Part of this newfound mantra has inspired another new opportunity: I took a plunge and transferred to a new school. I’ve made a lot of mistakes since graduating High School twelve years ago, and being almost-30 and still getting an Associates has been one of them. I settled, because it was easy; I’d start up a few semesters at a time, withdraw when it got hard, and grow content that I was working. I have a full time job, I’d tell myself. This is enough.

Last year, when I started thinking (on this blog, no less) about my future, I knew I had to go back to school. But I was content with “dealing” with the past-me mistakes; waiting to long to take my foreign language courses for my transfer degree being one of the biggest ones.

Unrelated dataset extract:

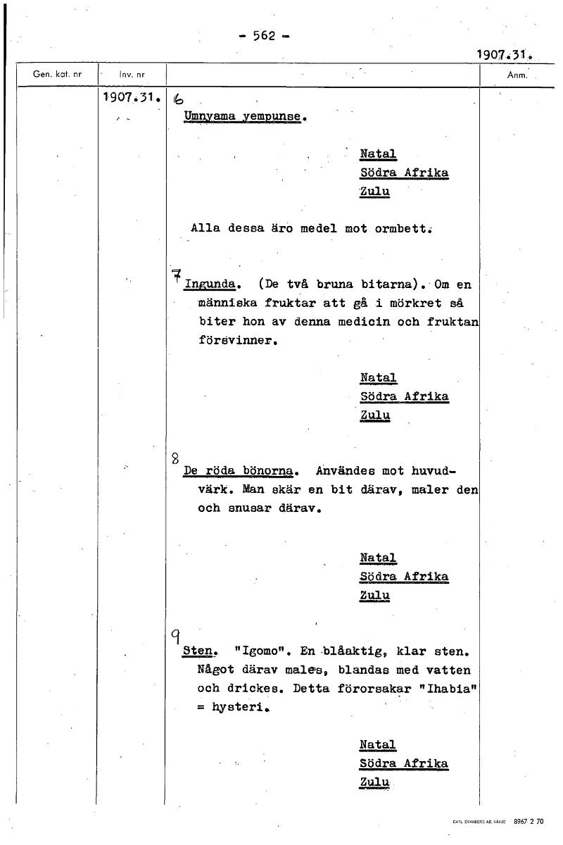 - 562 - 1907.31.. 1907:31_. Utnyama_yempunse. Natal Södra Afrika Zulu Alla dessa äro medel mot ormbett. -4Ingunda. (De två bruna bitarna). Om en . människa fruktar att gå i mörkret så biter hon av denna medicin och fruktan föråvinner. Natal Södra Afrika Zulu 2 De röda bönorna. Användes mot huvud- värk. Man skär en bit därav, maler den och snusar därav. Natal Södra Afrika Zulu 9 Sten. "Igomo". En blåaktig, klar sten. Något därav males, blandas med vatten och drickes. Detta förorsakar "Ihabia" = hysteri. Natal Södra Afrika Zulu [ocr]Stäng

And I was so exhausted that I accepted taking a year of single-course semesters in a foreign language to right that wrong, in order to transfer to a school I didn’t even want to go to, because that’s what fuck-up past-me decided. My week of clarity was enough to realize that I had wasted enough time.

A year ago I would have had far too much anxiety to transfer schools. But the clarity that I have now made it, uh, clear: I didn’t have to wait a year of a pointless foreign language course to get my associate’s. I hated my school so much that it took me twelve years to get through it, and that wasn’t about to change. A few weeks later, and now I’m enrolled for next semester, and I’ll have my associates 6 months early according to plan. I’ve got myself set up for a new bachelor’s dream (communications), adjacent to the old one (English), but more practical; I’ve got minors planned. Me. The person who took 12 years to get through a liberal art’s associate’s degree.

I’ve also been devoting time to thinking about my future on the internet. I hate it here as much as I love it, but it’s ability to foster expression and to spread knowledge are unparalleled. With my newfound clarity, I’ve accepted a few fundamental truths about my career goals:

  1. I want to help people.
  2. I want to do and make a whole buncha different things.

And I honestly can’t think of anywhere better to do that, but it takes some skills that I currently lack. And by lack I mean lack in that I get the gist; as a heavy consumer of the internet, I see the mechanizations. You want to make things? You want to make money making things? You kinda need to get comfortable with people seeing it, wanting to see it, and wanting to see you. None of which I’m entirely comfortable with, and none of which I’ve ever had the confidence to believe people want out of me. Enter the communications degree.

With the English degree I was pursing what I enjoyed, even as my work sucked all the joy and energy out of me leaving me incapable of even reading a book anymore. I was a ferocious reader as a kid. I love everything there is to love about story telling. My introductory-level English courses were some of my strongest work in college so far because I cared about them. But my love for English is personal; it’s easy to sweep aside, because I don’t have the skills or knowledge about using that love for others. Maybe pursing communications is going to be another failure some day, but I don’t think so; there’s nothing more valuable to me than the time I get to spend talking to my friends about whatever news event or historical trivia or pop culture knowledge I’ve been swept up into lately, and if I can force a career out of that feeling, I’ll be the happiest person in the world.

Until then? I probably have to show my face more. Post something on insta. Try to, you know, communicate, instead of just consuming hours of YouTube documentaries and film analysis vids. I’ve got a month until the new school starts, and then, I say with a hefty dose of optimism, it’s a race to the finish line (is that how cars work?). I’m spending this time working through my backlog of books, making myself comfortable again with social media, and dusting off some of the ol’ editing skills as I book it towards 30.